* TASK BRIEF
Word for word, restate the lines from the top of the records below through the line with "V. slet všesokolský", both included, with no pictures in the result.

* INFORMATION PROVIDED
▼
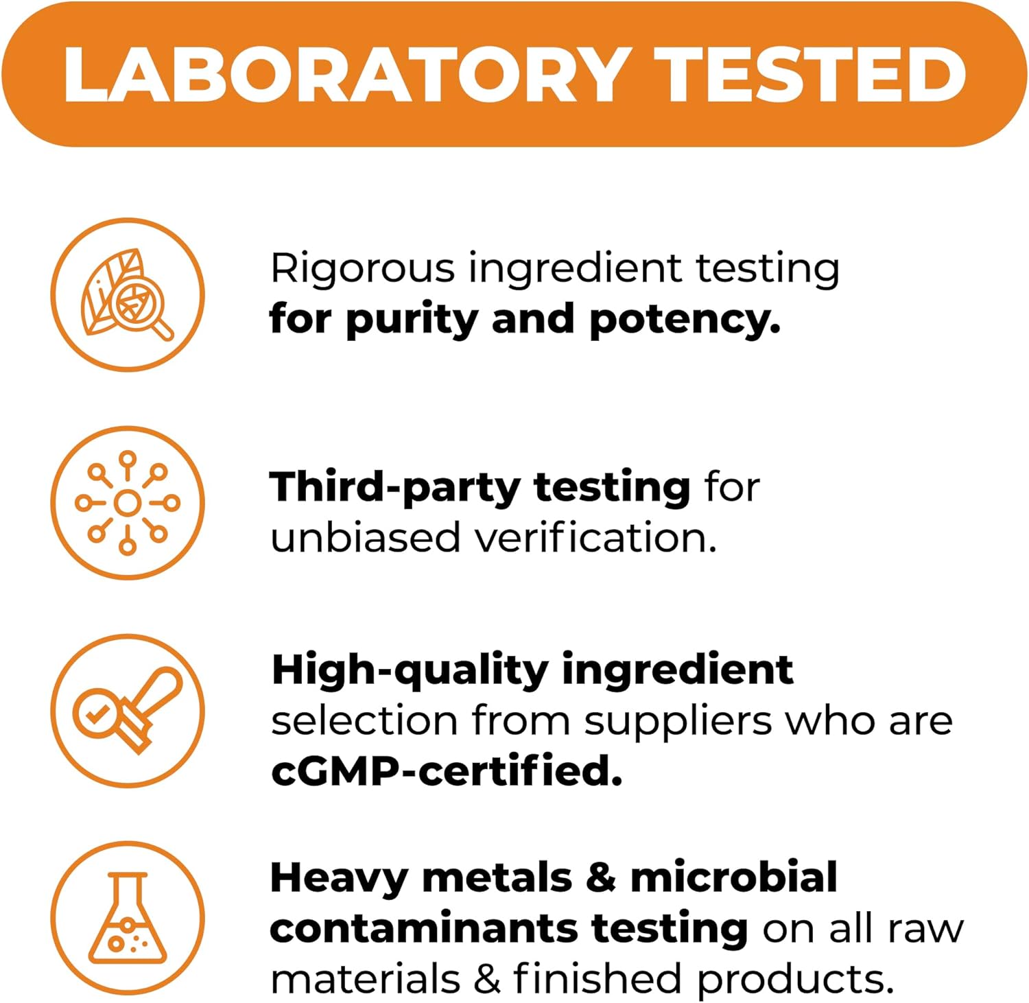 We conduct thorough quality tests during production to ensure each product’s purity and potency. Ingredients are chosen only from suppliers adhering to Stringent Industry Standards and cGMP.
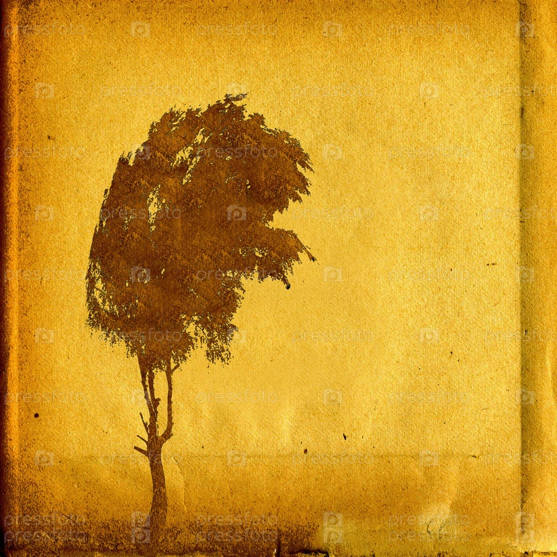 Силуэт березы на старом холсте
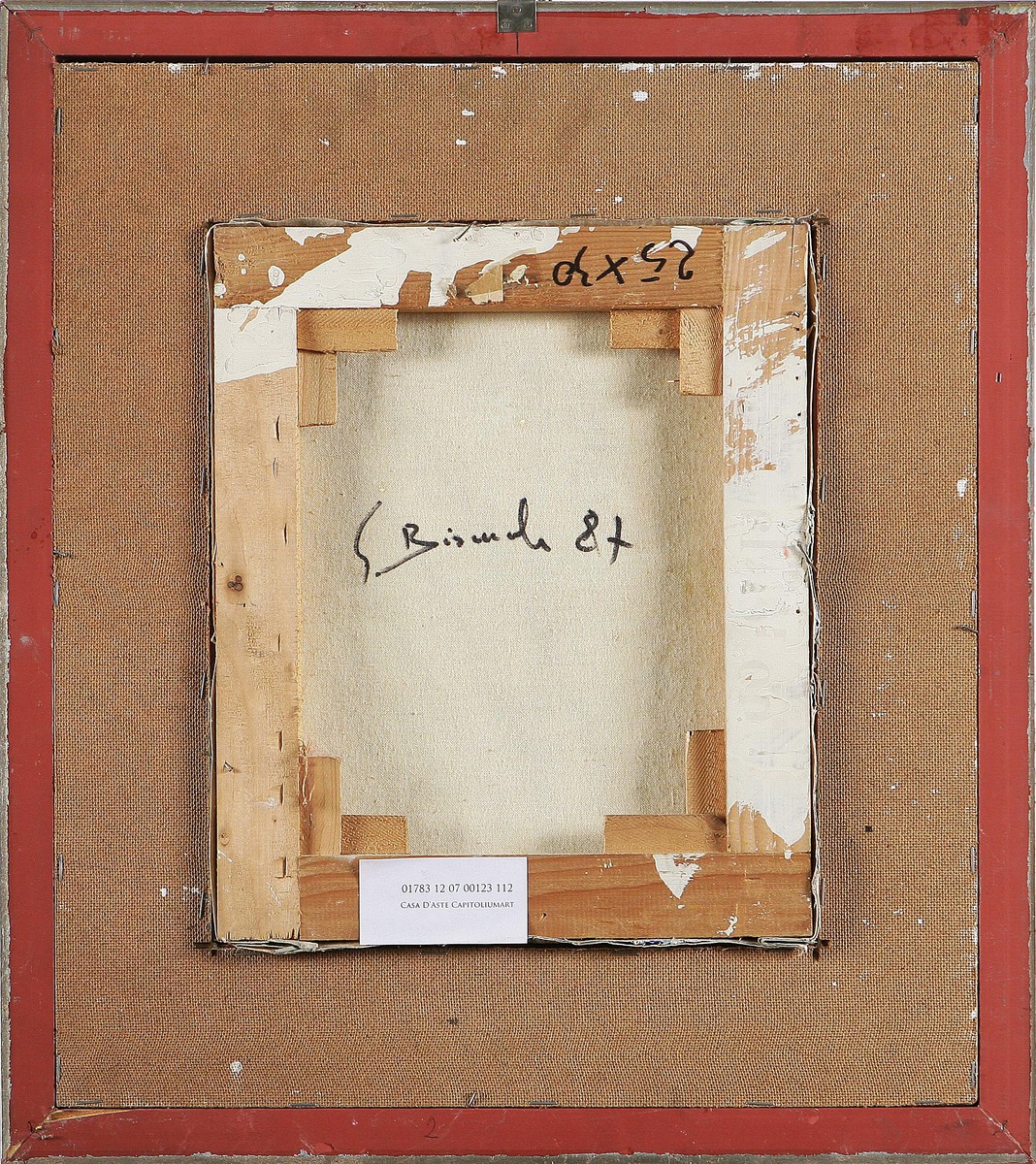 ANONIMO Senza titolo. 1987. Olio su tela. Cm 25,00 x 30,00. Firma al retro. Cornice presente
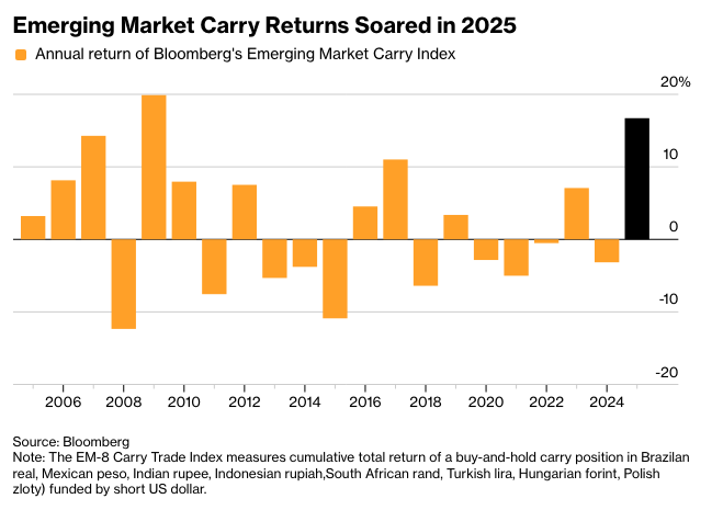 原文链接: https://www.bloomberg.com/news/articles/2025-12-14/carry-trade-revival-that-electrified-em-spurs-optimism-for-2026?srnd=phx-markets
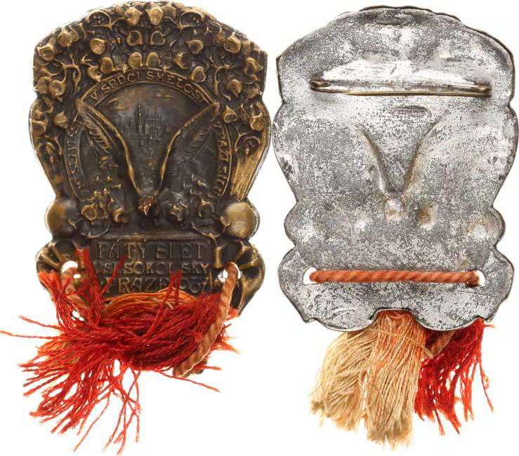 V. slet všesokolský v Praze 1907 - Slavnostní sletový odznak bronz 42x56 mm s dvoubarev. šňůrkou s třásněmi Nov. V. O1. c
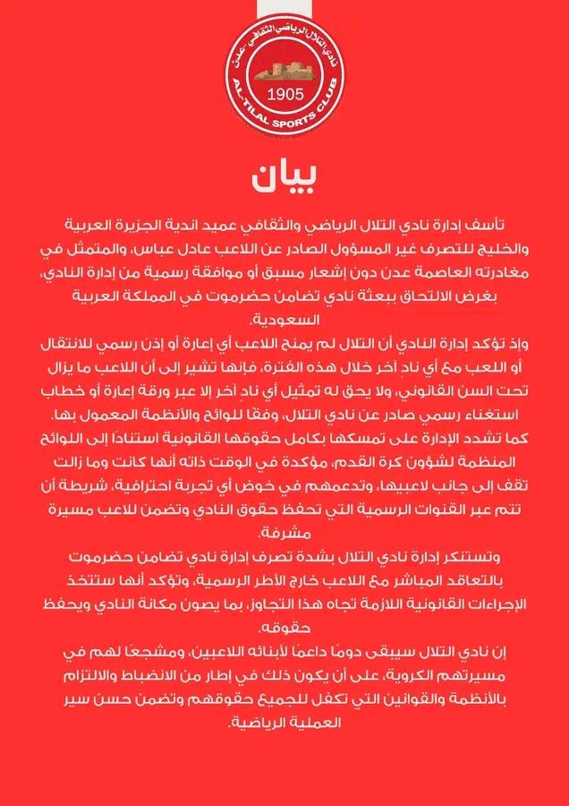 أعربت إدارة نادي التلال الرياضي والثقافي، الثلاثاء، عن أسفها لمغادرة اللاعب عادل عباس العاصمة المؤقتة عدن والانضمام إلى بعثة نادي تضامن حضرموت في السعودية دون إذن أو إعارة رسمية، مؤكدة أن اللاعب ما يزال تحت السن القانوني.
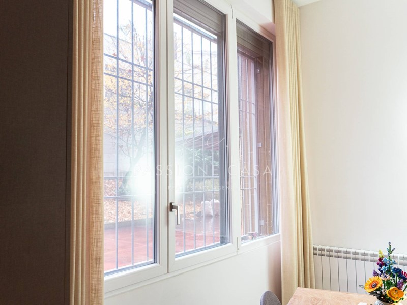 Pur essendo classificato come piano seminterrato, lappartamento gode di un affaccio aperto e non controterra: le grandi finestre a tutta altezza si affacciano sul silenzioso giardino condominiale interno, sfalsato rispetto al piano strada.
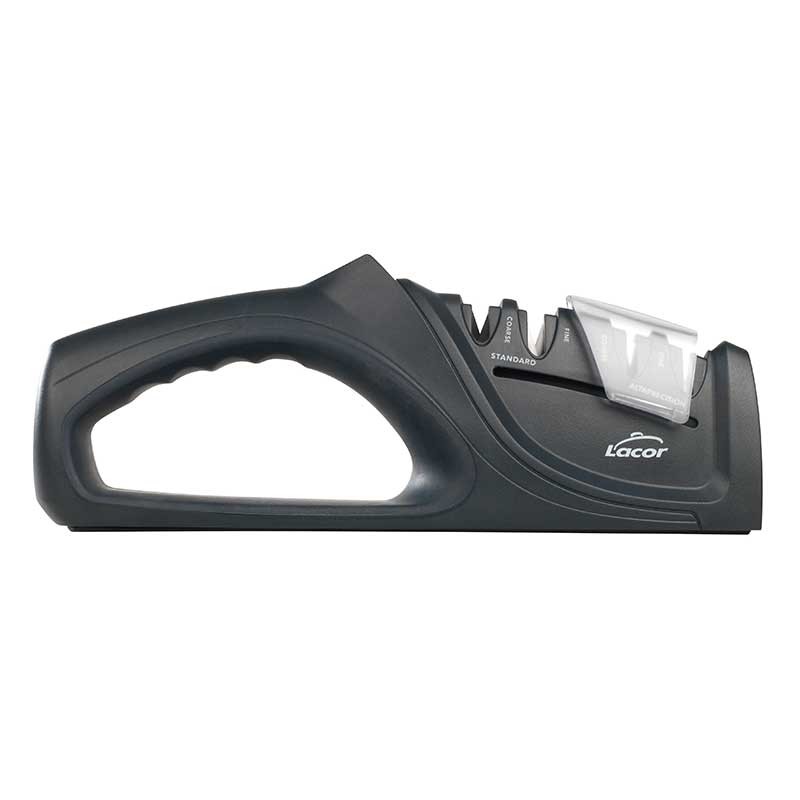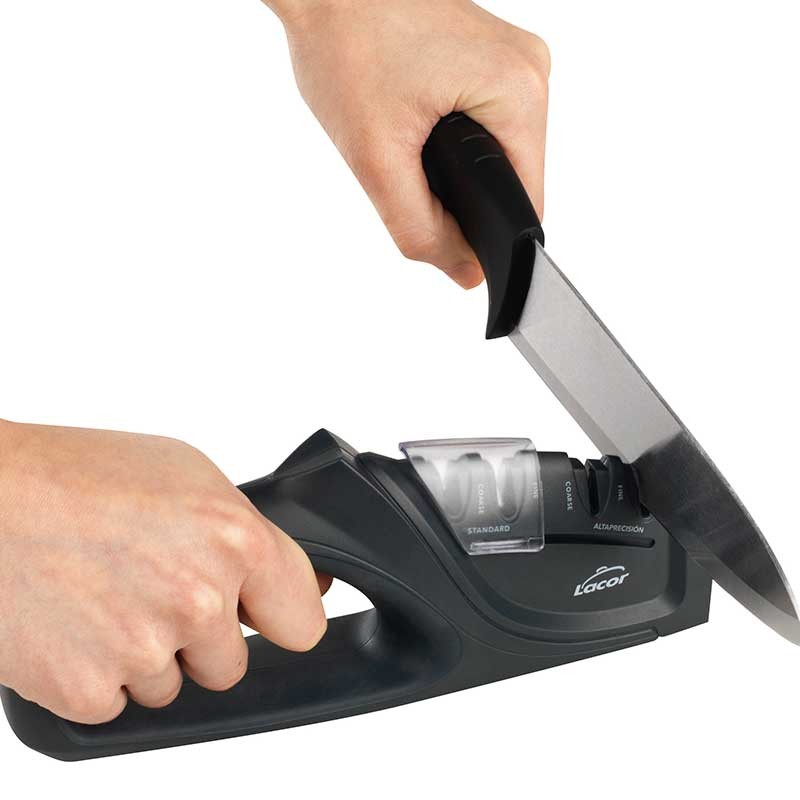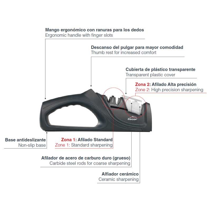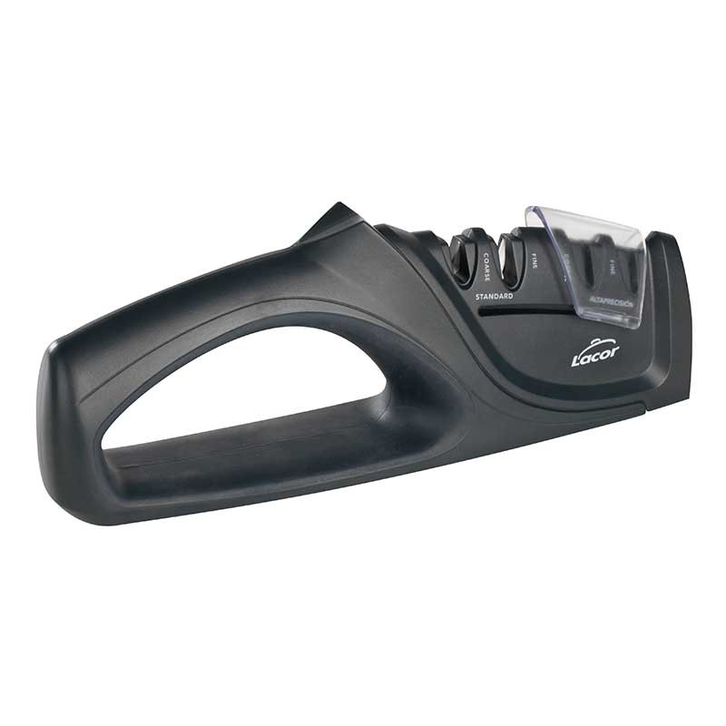 Afilador manual para cuchillos de filo liso modelo DUAL con 2 zonas de afilado y 2 discos por zona para un afilado estándar o de alta precisión.
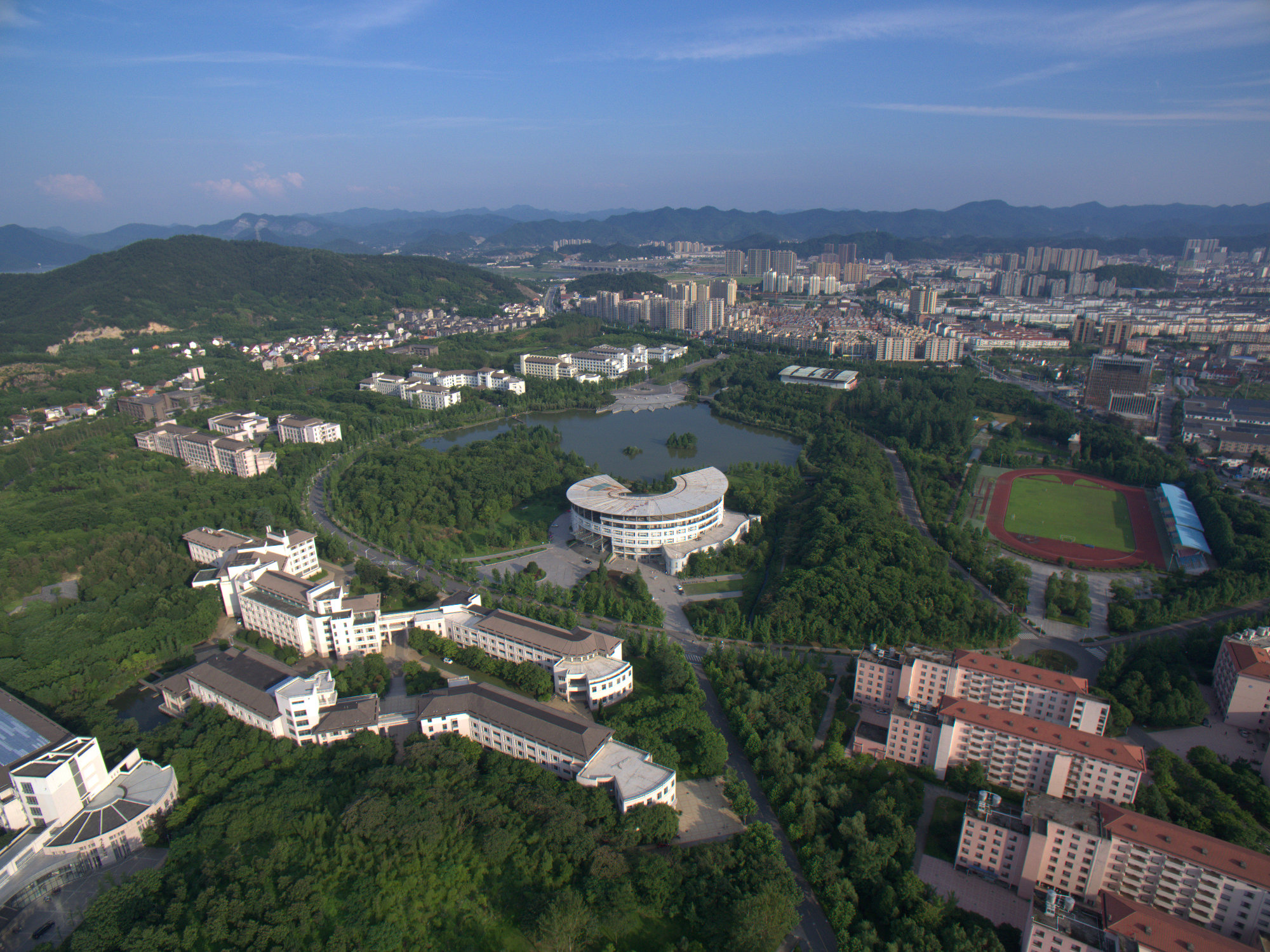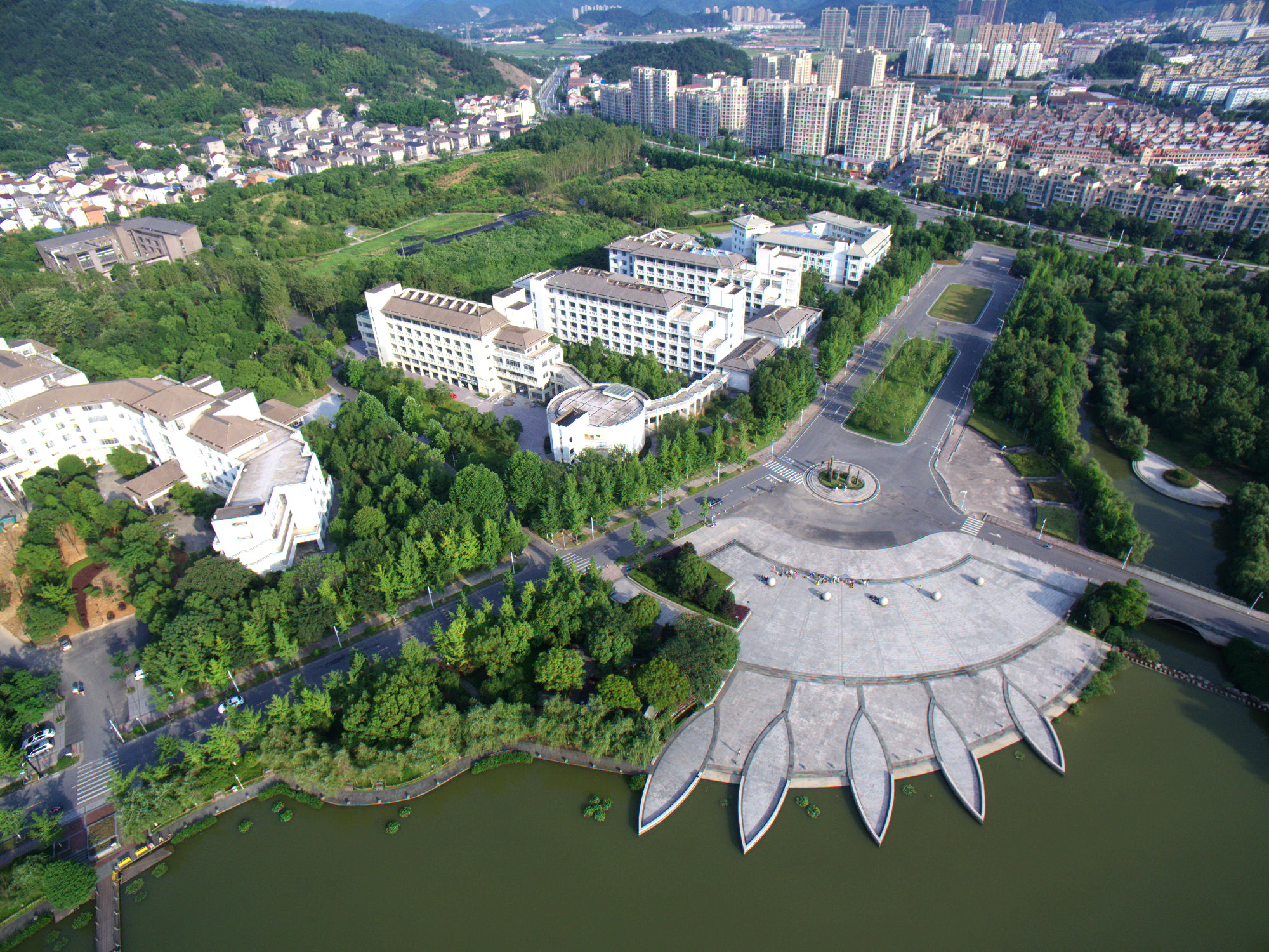 夏季蔥綠與浪漫綻放在校園中,綠樹(shù)、湖水伸展如絲絨,蔓延如翡翠,山在遠(yuǎn)處奔涌。
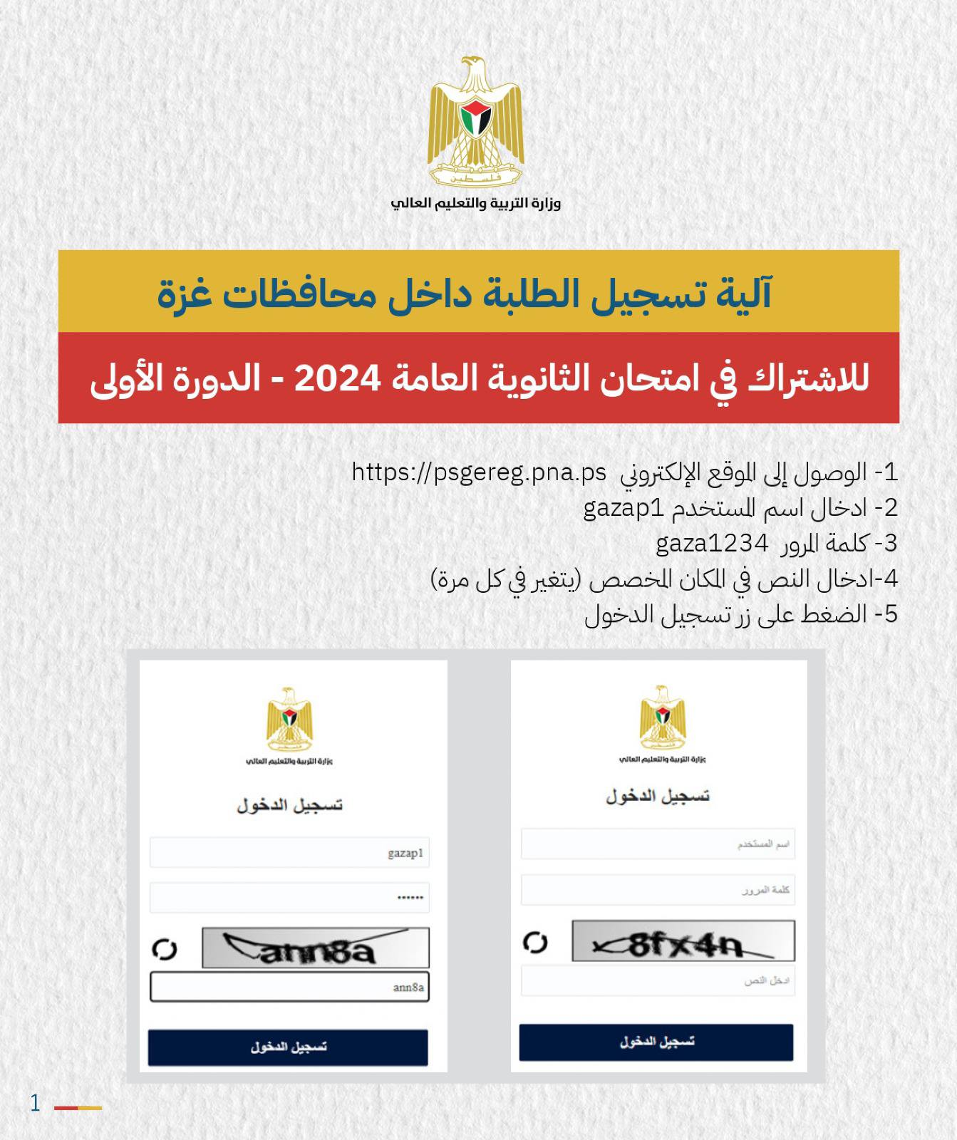 أعلنت وزارة التربية والتعليم العالي في قطاع غزة عن فتح باب التسجيل وتحديث البيانات لطلبة الثانوية العامة (التوجيهي) للعام 2024، من مواليد عام 2006 النظاميين، الذين التحقوا بالصف الثاني عشر بداية العام الدراسي 2023/2024.
▲
* REPLY
 We conduct thorough quality tests during production to ensure each product’s purity and potency. Ingredients are chosen only from suppliers adhering to Stringent Industry Standards and cGMP.
 Силуэт березы на старом холсте
 ANONIMO Senza titolo. 1987. Olio su tela. Cm 25,00 x 30,00. Firma al retro. Cornice presente
 原文链接: https://www.bloomberg.com/news/articles/2025-12-14/carry-trade-revival-that-electrified-em-spurs-optimism-for-2026?srnd=phx-markets
 V. slet všesokolský v Praze 1907 - Slavnostní sletový odznak bronz 42x56 mm s dvoubarev. šňůrkou s třásněmi Nov. V. O1. c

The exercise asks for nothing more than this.